By Nathan Grayson on April 10th, 2012 at 11:00 pm.
Now, that’s not to say it wants you to avoid playing the game – nor is it requesting that you consider exchanging some of your precious monetary currency for J. J. Abrams hit island humdinger. “You,” in this case, refers to your character, Jim. In Lost Planet 3′s first trailer, he is having the worst day, because the titular Lost Planet’s continent-sized nametag should really read “Hello, my name is Incredible Jerk Planet.” First, some sort of alien plant dog knocks him down a mountain, then his gun jams, then a giant enemy crab crashes the party instead of letting him bleed in peace, and finally – when he and his poor, frail 50-ton mech are trying to catch a breather – a snow tidal wave strikes. That’s probably not even physically possible, but that is the extent to which this planet wants Jim to go far, far away. Sounds delightful, right? Well, I have a bit of bad news for you.

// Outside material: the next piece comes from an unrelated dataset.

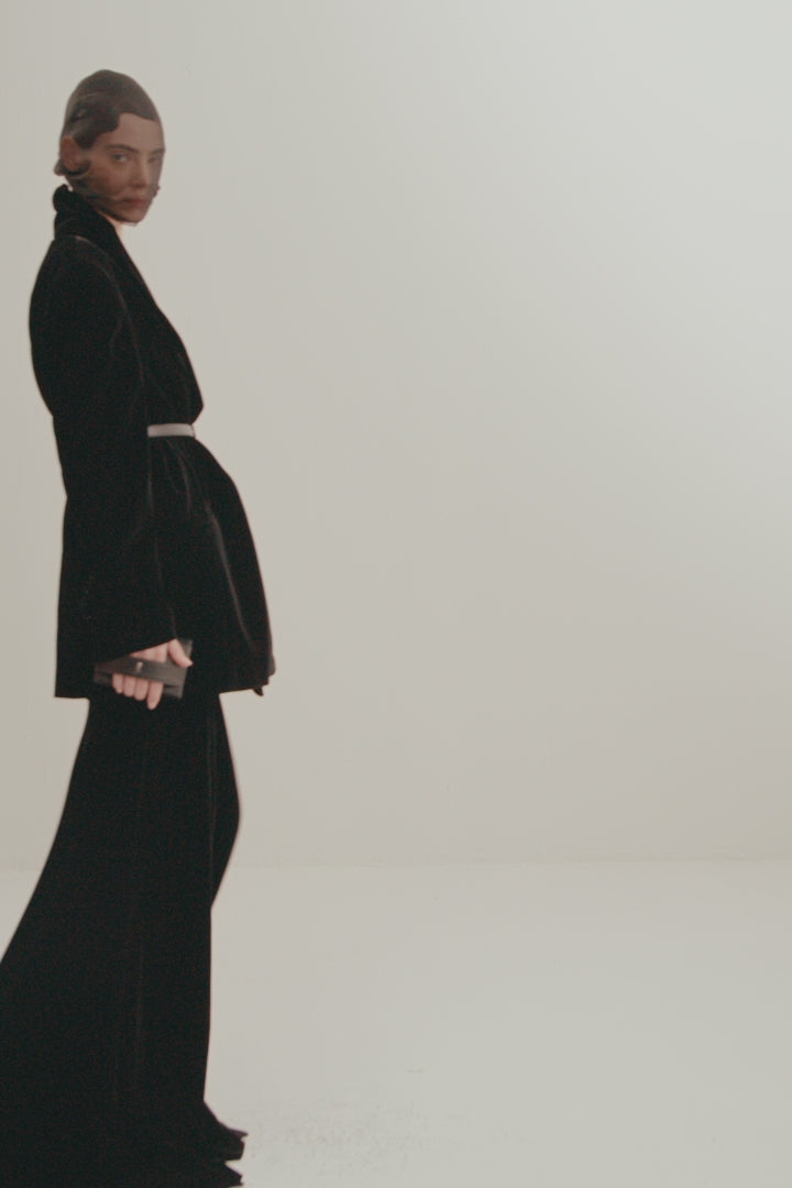 A corseted waist shaping deep black velvet — structure meeting softness, refinement flowing into movement. A silhouette defined by quiet strength and sensual texture.

Everyone, this is Spark Unlimited. Say hello, Spark. Oops, Spark just spilled lukewarm games all over your shoes. That’s not how you say hello, you silly goose! Similarly, slapping together Turning Point: Fall of Liberty and Legendary: The Box is pretty much the opposite of how to make RPS readers smile, but Spark did that as well. So that’s a rather unfortunate precedent. But look: a robot punching a bug!
Lost Planet 3′s coming to our largely discovered planet early next year. So, who here actually played the other two? Was the formula getting stale? Is this developer switcheroo a thing that needed to happen? Or has Capcom’s relentless Western push led it straight into a frozen, quality-bereft wasteland?